17 min readAug 17, 2021

Statistics is a mathematical science pertaining to the collection, analysis, interpretation or explanation, and presentation of data. It is one of the backbones of scientific inquiry.

The confirmation of the Higgs Boson’s existence in 2012, as an example from the physical sciences, was based on statistical methods. From the Smithsonian Magazine article about the topic, “the evidence that the Higgs particle had been detected was strong enough to cross the threshold of discovery.” That “threshold of discovery”? Yeah, it’s a statistical concept called a “p-value” and Scientific American wrote an article about a related statistical concept titled “5 Sigma What’s That?” and well, yeah, what is that?

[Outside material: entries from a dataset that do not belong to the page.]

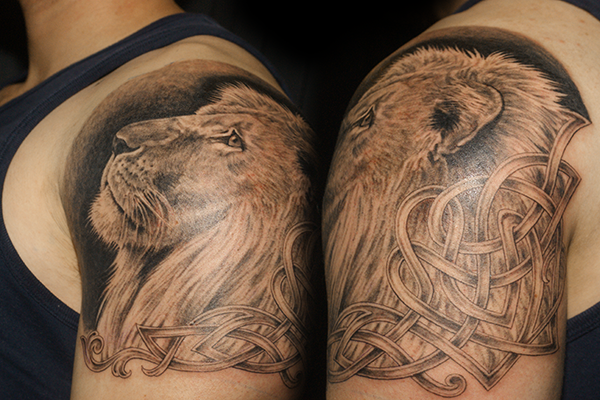 ライオンのタトゥー タトゥー 一覧 > Tattoo by Mica 2020.05.19 ライオン、セルティックの民族模様をひとつのデザインにまとめた作品。所要時間の目安は6時間前後です。 Style メンズ チカーノ・ブラック&グレイ 洋柄 Motif 動物 Tattoo Tag ライオン Size CDジャケット Body parts 肩
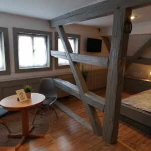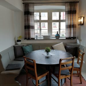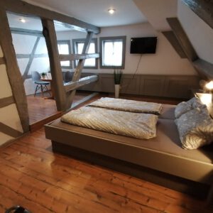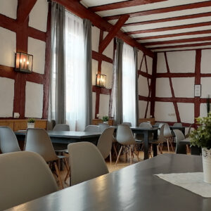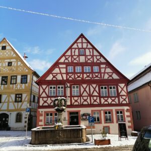 In Mitten der historischen Altstadt Prichsenstadts, direkt am schönen Stadtbrunnen, liegt unser kleines aber feines Hotel. In einem der ältesten Häuser der Stadt, wohl aus dem Jahre 1242 – möchten wir Sie mit fränkischer Gemütlichkeit und herzlicher Gastfreundschaft überzeugen. Liebevoll restauriert, erleben Sie in unseren individuell eingerichteten Zimmern den Charme des historischen Fachwerkhauses hautnah. Unser uriger Gastraum mit original erhaltener Schmiede lädt zum Verweilen ein. Im großzügigen Frühstücksraum genießen Sie kulinarische Köstlichkeiten in der ehemaligen Zehntscheune.
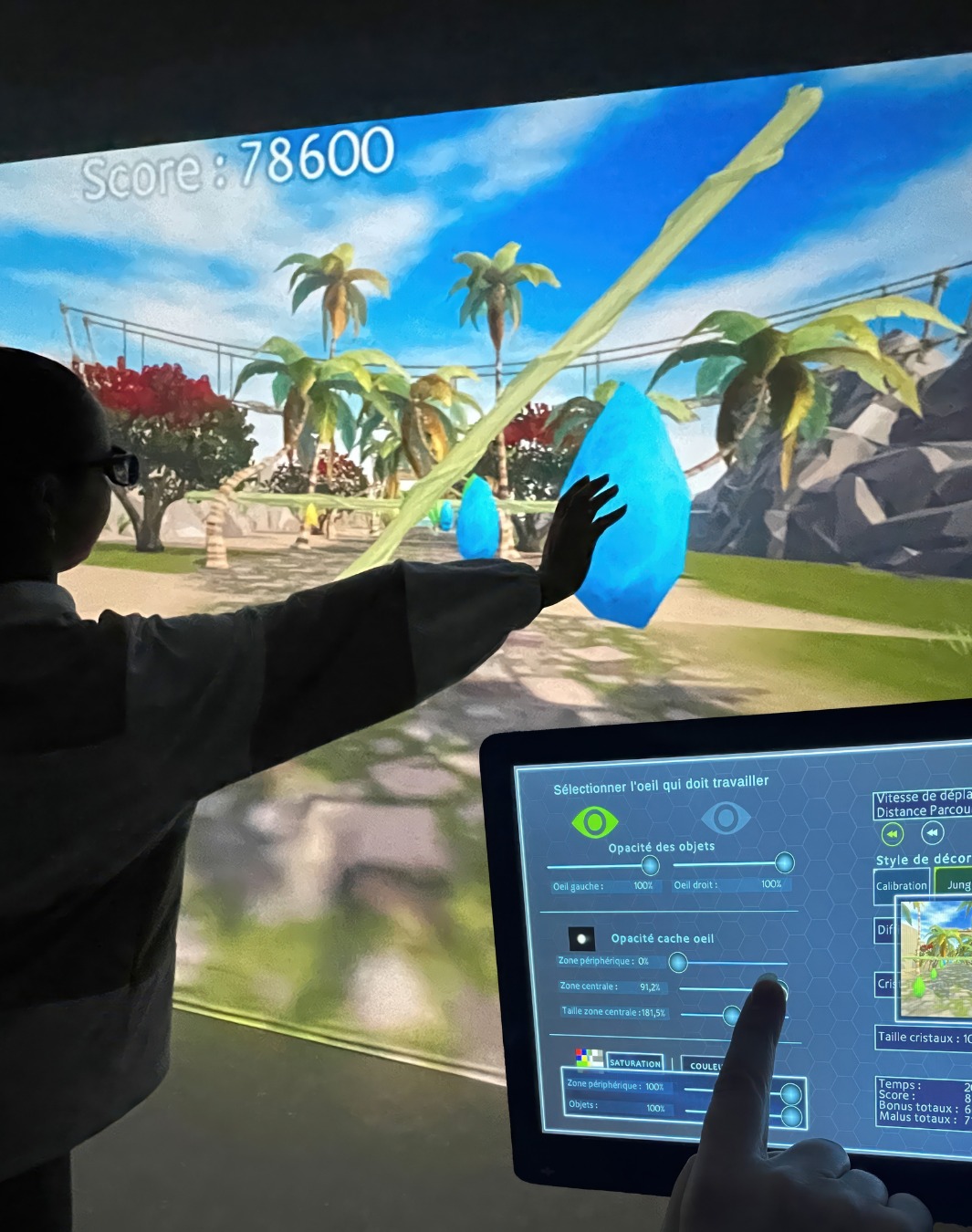 Pensée pour les orthoptistes, psychomotriciens et ergothérapeutes, cette solution permet d’analyser et de stimuler les mouvements oculaires, la posture et la coordination œil-main dans un environnement immersif, sécurisé et personnalisable.

As an example from the social sciences, consider the literature on immigration to the United States and its effect on economic growth. In a paper titled “STEM Workers, H-1B Visas, and Productivity in US Cities”, authors Giovanni Peri, Kevin Shih, and Chad Sparber state that they “use the 1980 distribution of foreign-born STEM workers and variation in the H-1B visa program to identify supply-driven STEM increases across cities.” They find: “Increases in STEM workers are associated with significant wage gains for college-educated natives. Gains for non-college-educated natives are smaller but still significant,” and their results “imply that foreign STEM increased total factor productivity growth in US cities.” Where do these results come from? You guessed it, statistics.

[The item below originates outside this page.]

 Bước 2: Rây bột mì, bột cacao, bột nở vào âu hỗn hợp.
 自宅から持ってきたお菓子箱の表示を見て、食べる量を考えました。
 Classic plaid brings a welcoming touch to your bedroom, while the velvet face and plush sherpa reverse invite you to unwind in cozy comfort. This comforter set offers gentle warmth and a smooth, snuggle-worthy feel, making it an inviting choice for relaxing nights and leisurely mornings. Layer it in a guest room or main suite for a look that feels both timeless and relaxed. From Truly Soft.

Before we proceed, we should distinguish between two very high-level areas of statistics. The first is related to the kind described in the examples above and is called “statistical inference”. This kind is about looking backward at some past event and trying to understand the inputs to that event and possibly draw larger conclusions about how those types of events work. Within the realm of statistical inference is “causal inference” which attempts to ascertain causal inputs to an event rather than just associated inputs. The second kind is about the future and how to predict what will happen. This second kind is often termed “predictive analytics”. In this article we will be focusing on the first kind since we are interested in how to think about the application of statistics in the physical and social sciences.

My academic background originated in an engineering flavored Applied Mathematics degree that focused on solving systems of equations, or using algorithms to solve a problem. It was very computationally intensive and focused more on the future; how can we use mathematics to design efficient operations, for instance. Statistics is inherently backward looking, using data to understand the past.

The canonical example of how to think about these things is shown below.

In an engineering context, we will start with some known properties, e.g. we know that this is a fair coin, and we want to determine what we expect to happen, what will be the distribution of heads we will expect to see for some number of consecutive tosses of this coin.

In a statistics context we start with some observed number of heads and we want to determine what the probability of a head is for the coin that was tossed.

The two directions are related based on the underlying probability framework that connects the probability of a head for the coin and the observed distribution of head tosses.

While this is the canonical example, I find it not to be very instructive about how to think about the statistics used in actual scientific research. In my experience, since most instruction in this area starts off teaching the necessary concepts in probability before introducing statistics, which can take some time to get through, not many people actually get an introduction to the core of statistical thinking and it isn’t necessary to know all the intricacies of complex probability to understand how to think like a statistician.

In this article I will take what should be a familiar problem from the engineering world and frame it in a statistical world, and I think in doing so it will become clear that statistics is a somewhat conceptually strange thing. That example: throwing a ball.

Let’s make it a bit more interesting by drafting a narrative. Say I called a friend of mine and told him to meet me during the winter in a park that recently received a snowfall. I tell my friend to meet me at the statue in the middle of the park, but this is actually all just a prank and what I really want to do is to throw a snowball at my friend but not get caught. In this hypothetical example I am the engineer and my friend is the statistician.

The Engineer

The engineering problem here is about how far away I can stand from my friend to throw the snowball so I can run away without getting caught. I need to calculate this distance from the statue. There are 2 inputs I need to use to figure out the maximum distance I can throw from. These are how fast I can throw the snowball and the angle at which I throw the snowball.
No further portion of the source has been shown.